Now, I bought the chip from AMD's official suppliers in my country and it was boxed with full warranties, etc.

So, am I doing something wrong? Or was I sold a dud and should I return it.

Thanks!

----------

## trapperjohn

You have to set the right cpu-clocking - look in your mobo-manual or in your processors specs.

----------

## SoulSe

 *trapperjohn wrote:*   

> You have to set the right cpu-clocking - look in your mobo-manual or in your processors specs.
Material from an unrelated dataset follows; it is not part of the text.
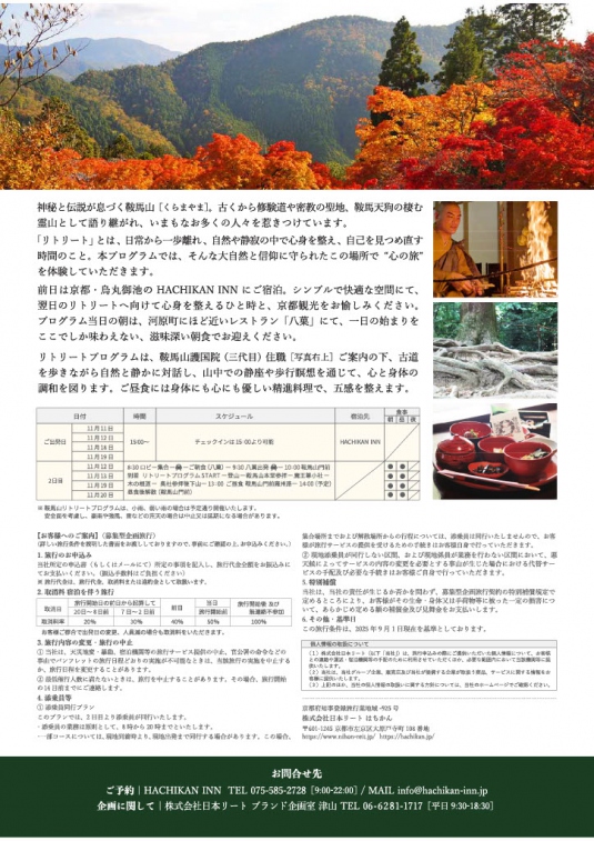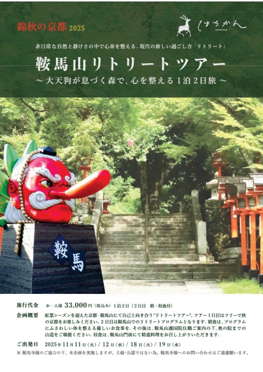 「鞍馬山リトリートツアー」チラシ~大天狗が息づく森で、心を整える1泊2日旅~

 uh... The Asus board does not have dips or jumpers or clock multipliers, etc. AFAIK this should all happen automatically, there aren't any settings in the CMOS for these things either.

----------

## lamekain

I have an AthlonXP 1700+. Had the same problem as you have. If I remember correctly, I had to raise the System Bus Frequency, which determines the processor speed when multiplied with the Clock Ratio.

----------

## trapperjohn

 *Quote:*   

> uh... The Asus board does not have dips or jumpers or clock multipliers, etc. AFAIK this should all happen automatically, there aren't any settings in the CMOS for these things either.

 

? AFAIK have ALL new boards BIOS-settings for this - you always have to set clock speed etc. when installing a processor.

----------

## kamikaz3

you have it set on 133 * 11 = 1466

it must be 166 * 11 = 1833

If you bought pc3200 RAM you could also try to lower the multiplier and up the FSB (some thing like 200*9.5) this is faster without overclocking.

----------

## SlashGentoo

Had the same problem. Turned out to be a dud. Got it replaced and everything works sweet now  :Smile: 

----------

## gmichels

you probably have the fsb set to 133 instead of 166, as said above. or maybe you have 266 ddr ram which must run at 133, limiting your processor.
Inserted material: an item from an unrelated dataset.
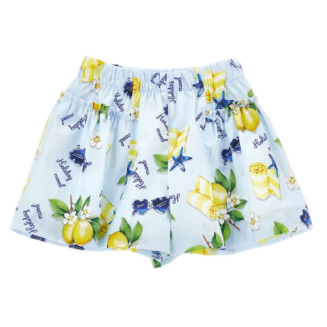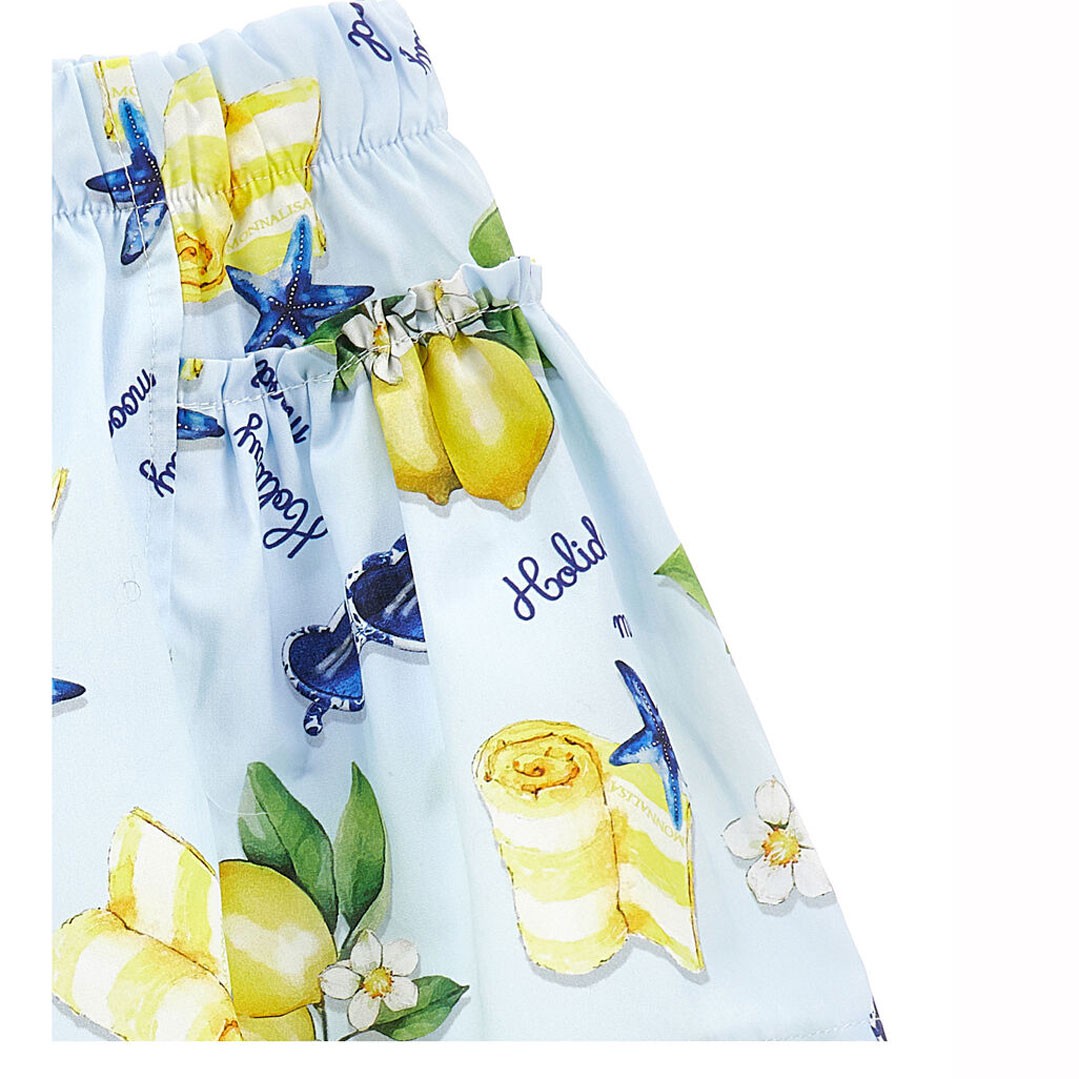 Szorty dla dziewczynki Monnalisa 11G417 7624 0052. Krótie spodenki o swobodnym kroju, gwarantujące dziecku wygodę, wciągane, bez zapięcia z szeroką gumą w pasie. Szorty 11G417 7624 0052 są uszyte z przewiewnego, bawełnianego płócienka w pastelowym błękicie, które drukowane jest w cytryny i elementy marynistyczne. Do szortów pasują zwłaszcza inne ubrania dziewczęce Monnalisa Bimba Main Trilli.

if you happen to have at least ddr333, just go to your bios setup and put the fsb at 166.

----------

## SoulSe

Thanks for all the responses! I did have the fsb set to 133, so I changed it to 166, the cpu now clocks at 1833. My RAM is DDR400.

This is supposed to be normal for an Athlon XP 2500+ which bothers me, because A) I payed for 2500, not an 1800 - AMD claim that their chip runs at the same speed as a Pentium 4 2500. Fair enough, I guess I can live with that, but: B) I could have bought a cheaper chip, like the 2200 or 2000 and I probably would get the same speed out of it... or am I wrong?
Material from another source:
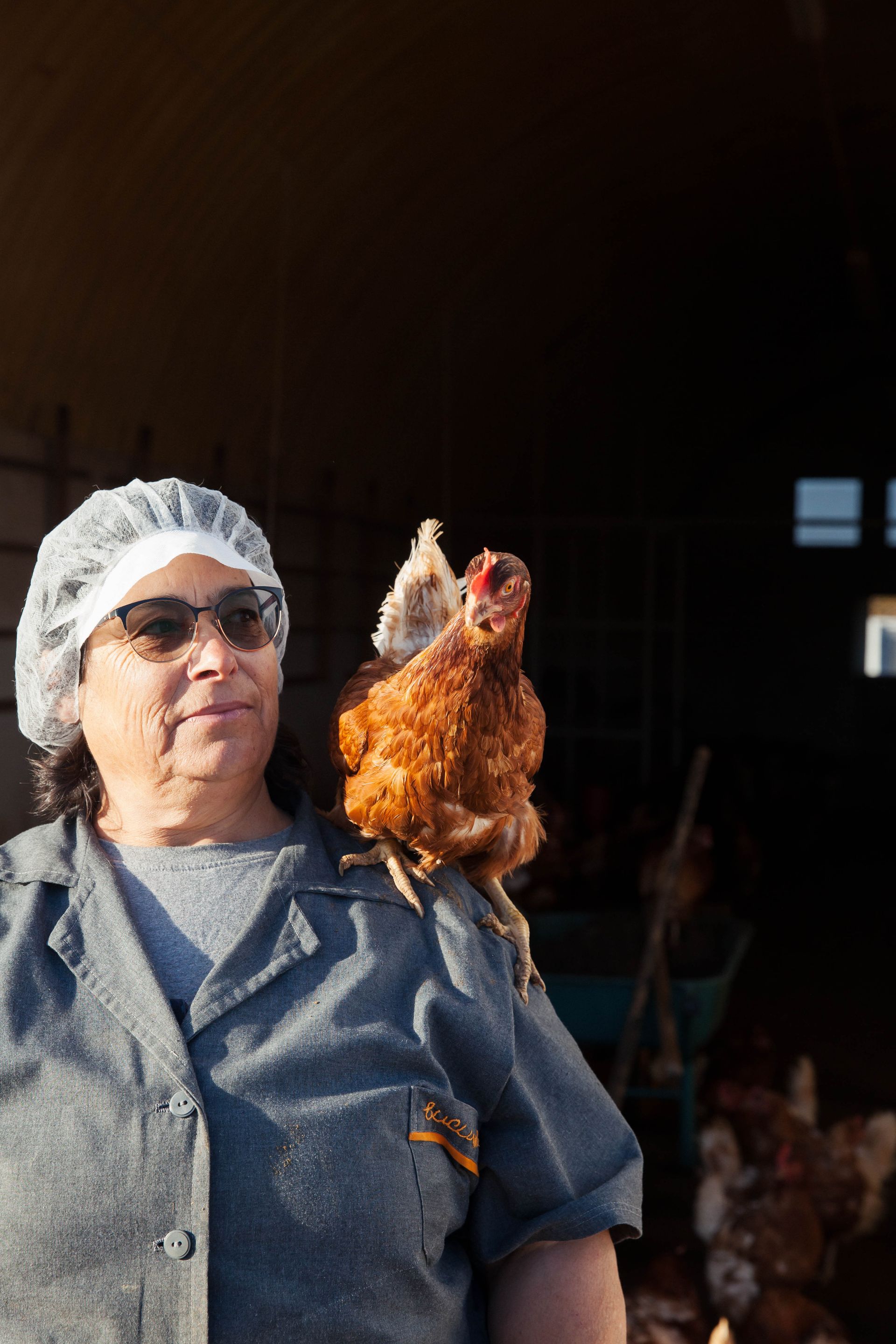 In the chicken coop, near the greenhouse, you'll find our chickens lovingly cared for by D. Custódia.

This is the first system I have built for myself in two years... the lag is eating me   :Razz: 

Thanks again!

----------

## lamekain

the 2200 , 2400, 2500 are the same processor. 2500 is just better quality, so it can handle the higher clockspeed. the 2500+ number is not the speed, it is just there to remind you that it works just as fast as a pentium 4 2500MHz. Anyway you don't want to be too focused on the MHz-number - it doesn't tell you the real speed of the processor(other things matter too.. like the size of the L1 and L2)

----------

## SoulSe

Live and learn.... ok rad, so it's time to get cracking with a fresh Gentoo install for Athlon-XP   :Cool:   and then Neverwinter Nights.... and then... 

<<< SoulSe risks an orgasm >>>

I've been winblows-clean for a year and a half... and this new system will not smell it.

----------

## gmichels

your ram is underused. it's supposed to run at 400 mhz but it's doing only 333 mhz.

if your board supports it, you should change the fsb and multiplier values to something like 200*9 or even 200*9.5, as kamikaz3 suggested. this way you get better performance using more throughput from your ram.

----------

## secondshadow

 *Drago wrote:*   

> your ram is underused. it's supposed to run at 400 mhz but it's doing only 333 mhz.
> 
> if your board supports it, you should change the fsb and multiplier values to something like 200*9 or even 200*9.5, as kamikaz3 suggested. this way you get better performance using more throughput from your ram.

 

To clarify what he said: Before you attempt this make ABSOLUTELY sure that your motherboard supports 400MHz DDR. You can have lots of strange problems if it doesn't (I've seen WIERD things happen...)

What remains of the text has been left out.